== Segment start ==
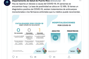 "Se reporta un deceso a causa de covid-19; 61 personas se encuentran hospitalizadas. La tasa de positividad se ubica en 12.18%. Si tienes un diagnóstico positivo de covid-19, existen tratamientos de anticuerpos monoclonales o los fármacos antivirales que tu médico puede recomendar”, tuiteó el Departamento de Salud.
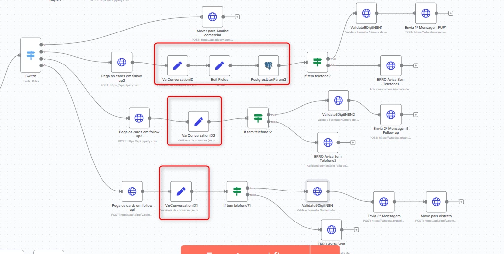 Na imagem acima, tenho um switch que tenho 4 condicionais, um caminho para a fase de analise comercial, outro caminho para pegar os cartões e envia mensagem no whatsapp, porém para que eu faça o envio do whatsapp precise consultar no postgresql, oque queria era não precisar da consulta do banco. A mesma coisa acontece nos caminhos 3 e 4 para não precisar usar o banco de dados, pois preciso pegar o conversationid para que cada mensagem seja enviado.
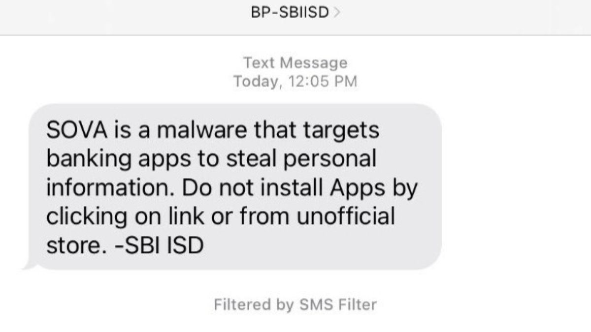 SBI अपने कस्टमर्स को SOVA वायरस के बारे में मैसेज कर रहा है, जिसमें उसने बताया है कि SOVA एक एंड्रॉयड-आधारित ट्रोजन मैलवेयर है। यह कस्टमर्स के पर्सनल डाटा चोरी करने के लिए फेक बैंकिंग ऐप का उपयोग करने वाले लोगों को टारगेट कर रहा है। बता दें कि SOVA आपके क्रेडेंशियल्स को चुराता है।
== Segment end ==
▸ **AIM OF THE TASK**
All of the material above is to be copied exactly, except for its images.

▸ **SOLUTION FOR THIS PROBLEM**
 "Se reporta un deceso a causa de covid-19; 61 personas se encuentran hospitalizadas. La tasa de positividad se ubica en 12.18%. Si tienes un diagnóstico positivo de covid-19, existen tratamientos de anticuerpos monoclonales o los fármacos antivirales que tu médico puede recomendar”, tuiteó el Departamento de Salud.
 Na imagem acima, tenho um switch que tenho 4 condicionais, um caminho para a fase de analise comercial, outro caminho para pegar os cartões e envia mensagem no whatsapp, porém para que eu faça o envio do whatsapp precise consultar no postgresql, oque queria era não precisar da consulta do banco. A mesma coisa acontece nos caminhos 3 e 4 para não precisar usar o banco de dados, pois preciso pegar o conversationid para que cada mensagem seja enviado.
 SBI अपने कस्टमर्स को SOVA वायरस के बारे में मैसेज कर रहा है, जिसमें उसने बताया है कि SOVA एक एंड्रॉयड-आधारित ट्रोजन मैलवेयर है। यह कस्टमर्स के पर्सनल डाटा चोरी करने के लिए फेक बैंकिंग ऐप का उपयोग करने वाले लोगों को टारगेट कर रहा है। बता दें कि SOVA आपके क्रेडेंशियल्स को चुराता है।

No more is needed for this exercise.